Open debate and analysis about the political crisis, which involves putting forward theories supported by evidence, in order that others can critique such ideas, is blocked. As a result people are reduced to discussing rumours and conspiracy theories and making indirect allusions to powerful and absolutist forces which are supposedly controlling Thai society. Whose interests are served by this?
The 2006 military coup against Taksin Shinawat’s elected government was staged by soldiers wearing yellow royalist arm bands. Photos of the generals talking to the monarch were widely publicised. The initial military junta also called itself the “Council for Democratic Reform under Constitutional Monarchy”. There was a crude message in all this. The military has a long history of seeking royalist legitimacy for its destruction of democracy. It is in the military’s interests to stifle any discussion about the appropriateness or truth of these claims to legitimacy. The same can be said for the Yellow Shirts and Sutep’s mob today. Given the grey area covering the roles of the elites, many ordinary people could be forgiven for mistakenly thinking along the same lines as Kotee.
Allusions to unnamed, powerful and absolutist forces which are supposedly controlling Thai society is also beneficial to the conservative elites because it is a message that implies that resistance is pointless. It is also a message that lets the military off the hook. Conversely this also benefits Taksin, Yingluk and Pua Thai because it is such a convenient excuse to hold back on any real change, move towards a grubby compromise with the anti-democrats and calm down the more impatient Red Shirts. This has been the aim of Pua Thai since the election victory of 2011.

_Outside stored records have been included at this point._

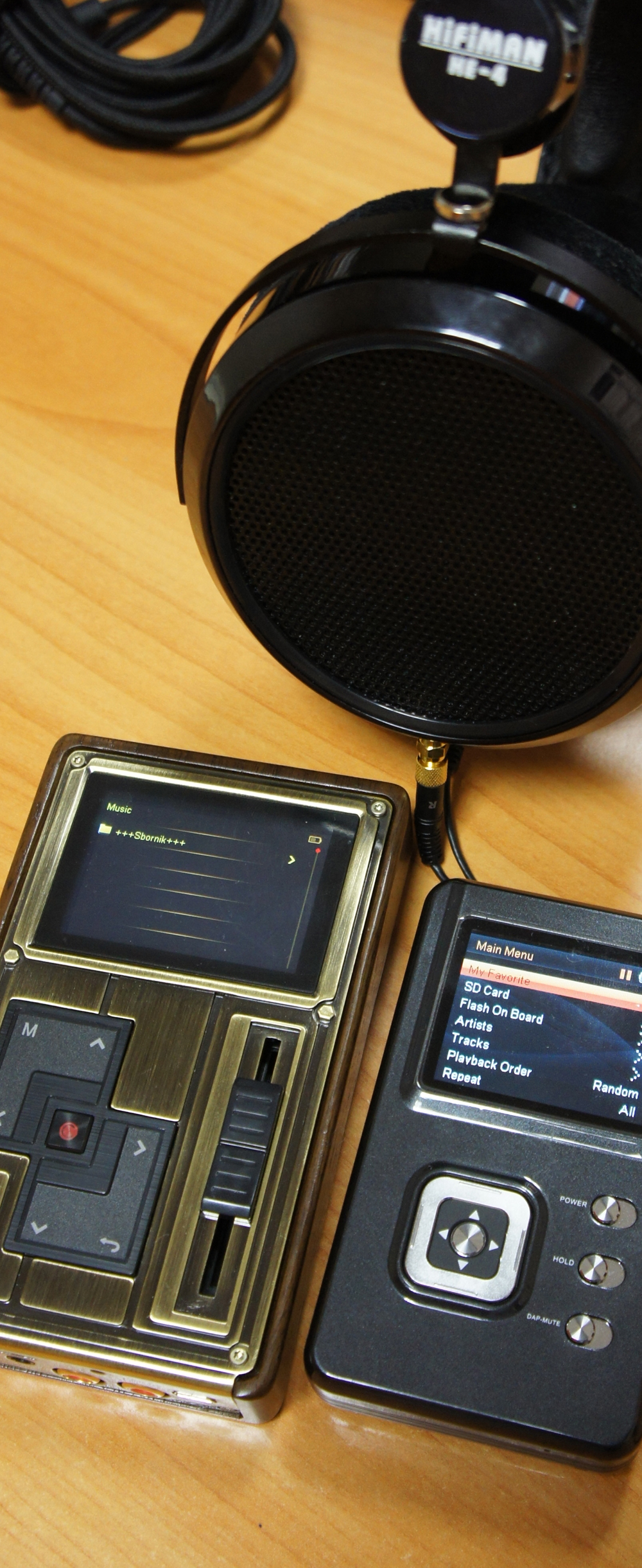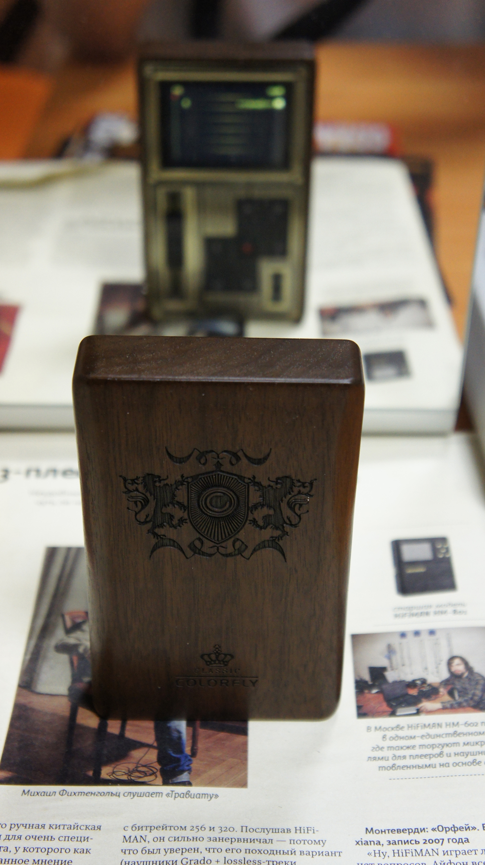 в базовой версии или чип C4, специально разработанный Colorfly в сотрудничестве с производителем аудиочипов, в High-End версии . Немного графомании. Можно пропустить Некоторое время назад столкнулся с интересным феномено. Китайцы настолько разогнались с постоянным выпуском новинок и усиленным пропиариванием "новых технологий" каждые полгода. Причем делают это настолько эффективно, что те, кто года три назад еще плевались при словах "китайский плеер", и верили, что китаю только и дано, что дублировать западное на уровне "наколеночного производства, те самые личности истиво верят, что китайские плеера размером с коробок спичек и соразморной стоимости способны выдавать волшебный звук качества "хиенд". Ну и меня посетила мысли послушать те плеера, которые выходили на заре портативного хайфая. Давно не слушал... Мне стало интересно, как в целом они себя показывают. И, надо сказать, очень даже рад, что моё основное мнение (о развитии портативного аудио, состоящее в том что скорость выпуска новинки, дешевые понты в рекламке и ставка не на меломанов ценящих звук а на лохов верящих в супер-технологии типа 32-битного звука, заменила качество напрочь) - оправдалось. В общем слушаю сейчас колор и, повторюсь, убеждаюсь, что начальный этап развития портатива был куда более "звуковым". Наверное это логично. До того как начать разводить доверчевых читателей рекламы, надо было внедрить в сознание потребителя, что портатив и качество понятия совместимые. Невозможно было, после дешевых ковонов сразу выпускать АК и подобную ему продукцию - народ не было готов. А так, через ауиофилов постепенно... И колор C4PRo - очень неплохой представитель тоговремени. Даже сейчас он смотрится куда лучше чем большинство его собратьев по цеху. Итак. Старое описание колора я удалил, просто потому, что оно почти полностью совпадает с моим нынешним впечатлением, но в нем присутствует много сравнений с аппаратами ныне не существующими, в чем нет смысла. А вот в чем есть смысл, так прогнать аппарат на вышедших в последнее время наушниках типа изофонов или гвоздиков. начну с Izophones-30, просто потому, что этот пункт короче. Плеер хоть с трудом но "их танцует". Как ожидалось, не хватает напора на низах, пампа, удара, но в остальном диапазоне даже на 3/4 ползунка громкости ушки играют очень толково и громко (на мой вкус). Нету песка, нету звона, каких-либо других заметных искажений. В общем - весьма на дурно! На гвоздиках-1 (как ни странно, хоть я и люблю двушки, тестирую часто именно на единичках, так как они "ровнее") вообще, надо сказать прямо "рубит" в мясо любой драйв и метал. На фоне современного тяготения к мягкотелям рафинированным неоформленным низам от Сабры и АКМ - у колора низы просто каменные - очень даже плотные, тугие, упругие, вполне себе "лупящие" а "всплескивающие". Хотя да - есть небольшая сколнность к "обрезиниванию" и небольшому избытку "густоты", накачке нч фоном. Но весьма и весьма умеренная. Если честно, на фоне современных новинок - просто отлично! Да и заметно в основном на мелодиях где нч сами по себе имеют "фонящий" характер. Впрочем, спорить нет смысла - некая манерность на НЧ есть, но очень и очень ненавязчивая. Про СЧ и говориь нечего - они отличные сами по себе, проблем не заметил. Из особенностей отметил бы, что может быть есть небольшая склонность к подъярчиванию, небольшое подчеркивани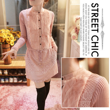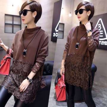 新款高領(lǐng)寬松打底女韓版蕾絲拼接長袖連衣裙 /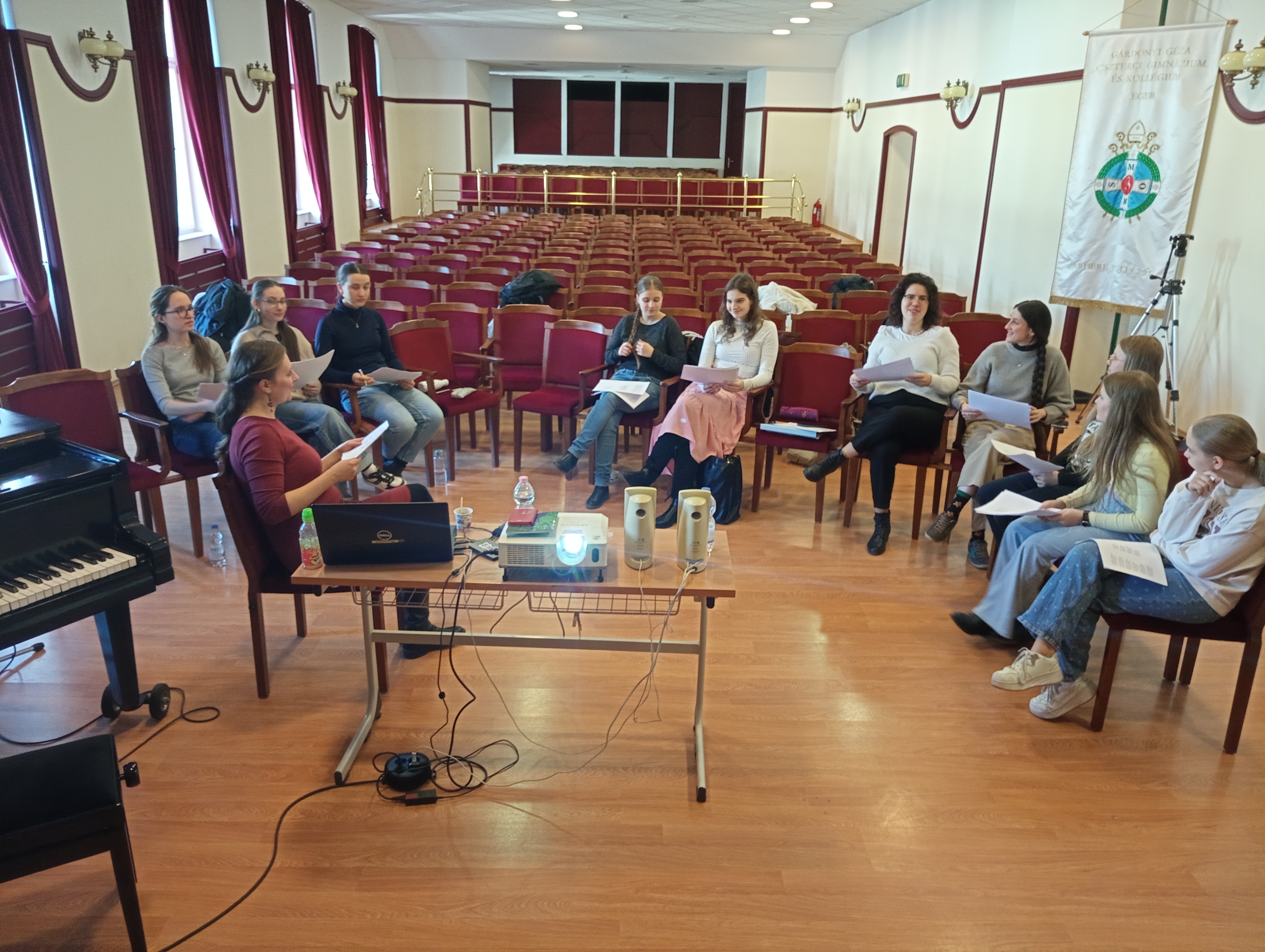 Február 27-én Enyedi Ágnes doktorandusz művésztanár, a Magos együttes énekese tartott egész napos kurzust, immár második alkalommal. Ezúttal a gyergyói népdalok világával, stílusával ismertette meg iskolánk együttesét.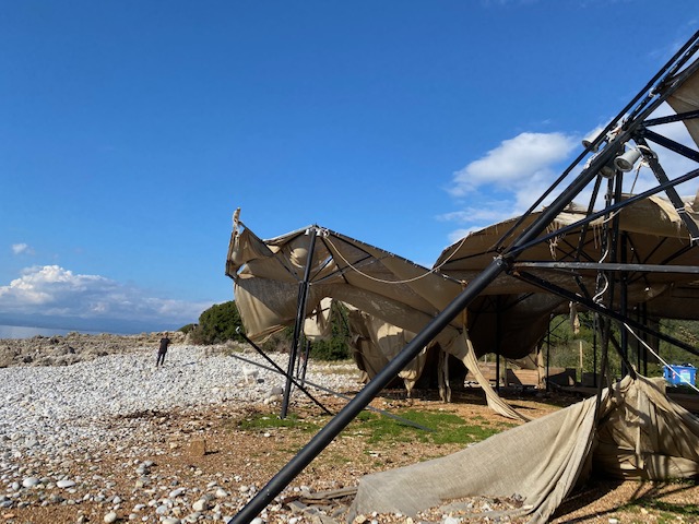 Bei Hobos Bar, deren Sonnenschirme und Sommerinstallationen wie jedes Jahr Wind und Wetter überlassen blieben, machte ich halt, um ein wenig zu zeichnen. Ich mag diese chaotische Welt von sinnlosen Formen und habe mich schon früher mal an ihnen abgemüht (Fotos hier. Fotos und Zeichnungen hier). Ich mag auch die Symbolik.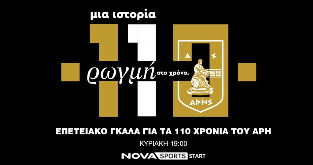 Ο Άρης γιορτάζει τα 110 χρόνια ζωής, «Μια ιστορία ρωγμή στο χρόνο» και το Novaspοrts θα είναι εκεί! Την Κυριακή 24 Μαρτίου στις 19:00 οι συνδρομητές θα έχουν την ευκαιρία να παρακολουθήσουν στο Novasports Start το επετειακό γκαλά που διοργανώνει η ΠΑΕ Άρης στον κινηματογράφο «Ολύμπιον» στη Θεσσαλονίκη. Στην παρουσίαση για τη μετάδοση στα αθλητικά κανάλια της Nova θα είναι οι δημοσιογράφοι του Novasports, Γιαννίκος Δούσκας και Γιάννης Πάγκος, ενώ το ρεπορτάζ θα μεταφέρει ο Ευγένιος Δαδαλιάρας.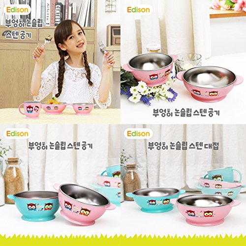 エジソン子供ステンレスボウル 2pack (Small,Large) Blue + ストローカップ Kids No-Spill Trainer Straw Cup(Purple)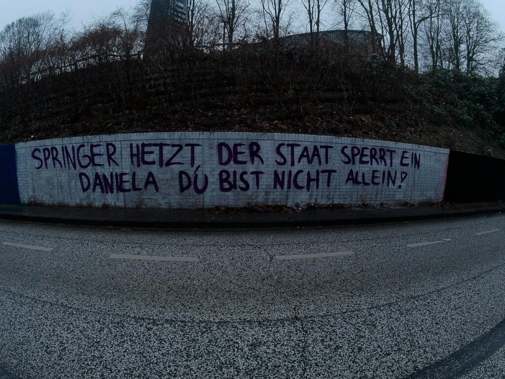 Dem ungebremsten Verfolgungseifer der deutschen Ermittlungsbehörde fast 30 Jahre nach der Selbstauflösung der RAF, begleitet von massiver medialer Hetze und Vorverurteilung setzen wir unsere Solidarität entgegen. Mit der Hetze gegen Daniela und ihre untergetauchten Genossen und den verschärften Haftbedingen im Knast sollen auch unsere Wut und Empörung, die Kontinuität des Widerstands gegen die Verbrechen des Imperialismus diskreditiert und kriminalisiert werden.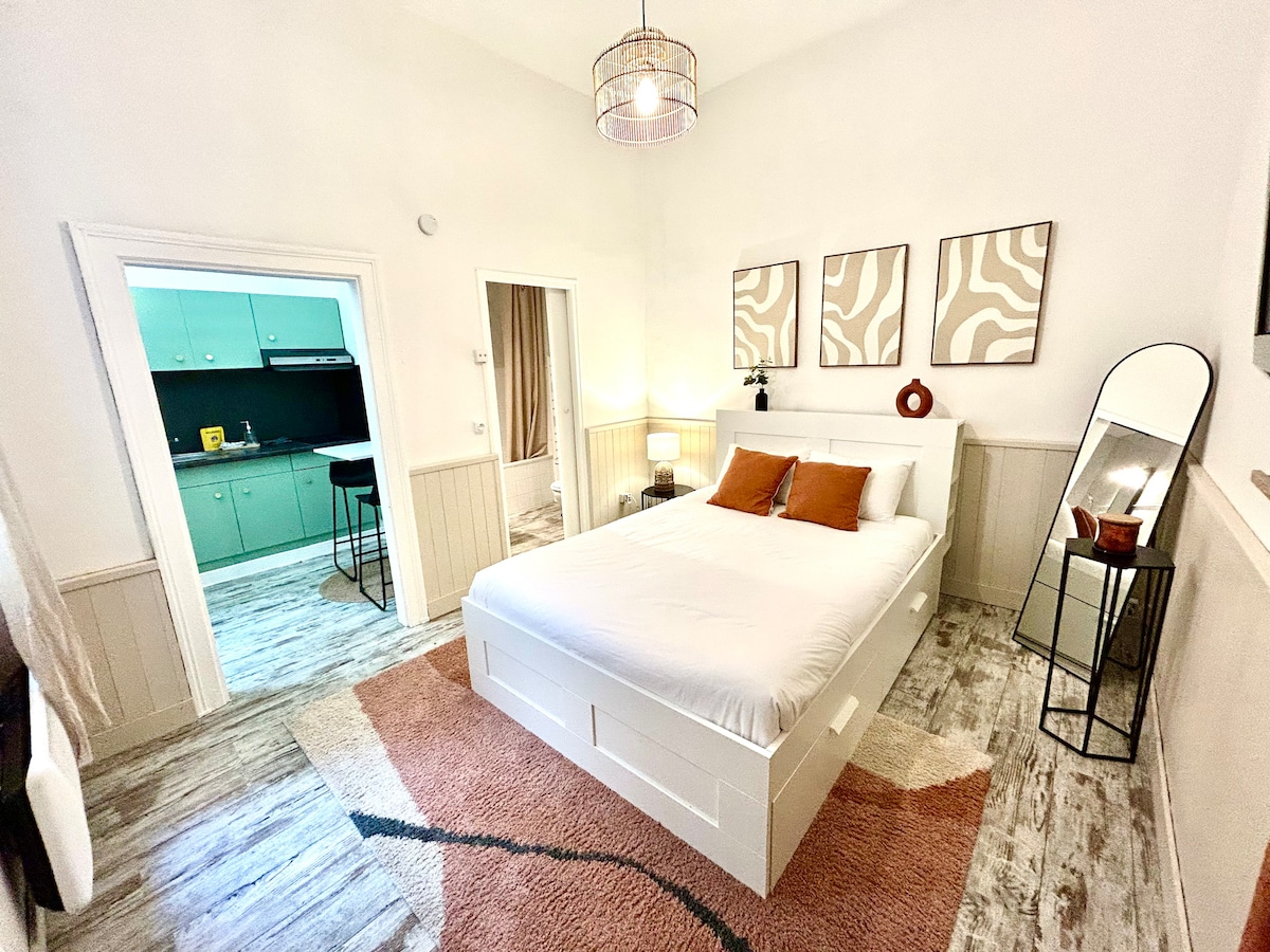 I centrum, i en Hausmann-bygning, tæt på alt (butikker, biograf, museer, togstation (10'), motorvej A20 (5'), bus (1')...), fuldt udstyret lejlighed, komfortabel på 2. sal med gammel (stejl) trappe, soveværelse/stue, køkken, badeværelse og omklædningsrum, moderne indretning. Jeg bor lige over lejligheden, hvis du har brug for noget eller information under opholdet. Udlejning til ulovlige aktiviteter vil blive indberettet til politiet og retsforfulgt.

Yingluk and Pua Thai’s demands that Kotee be arrested and their continuing support for the lèse majesté law is also useful in countering the conservatives’ ridiculous accusations that Taksin is some kind of “republican”, when in fact he shares the conservatives’ views on the monarchy. Monarchies in Western Europe are useful in supporting the ideology that there is a “natural hierarchy” even in a capitalist democratic society.
Any meaningful democratic reform of Thai society needs to include the removal of the lèse majesté law and the release of political prisoners like Somyot Pruksakasemsuk or Da Torpedo.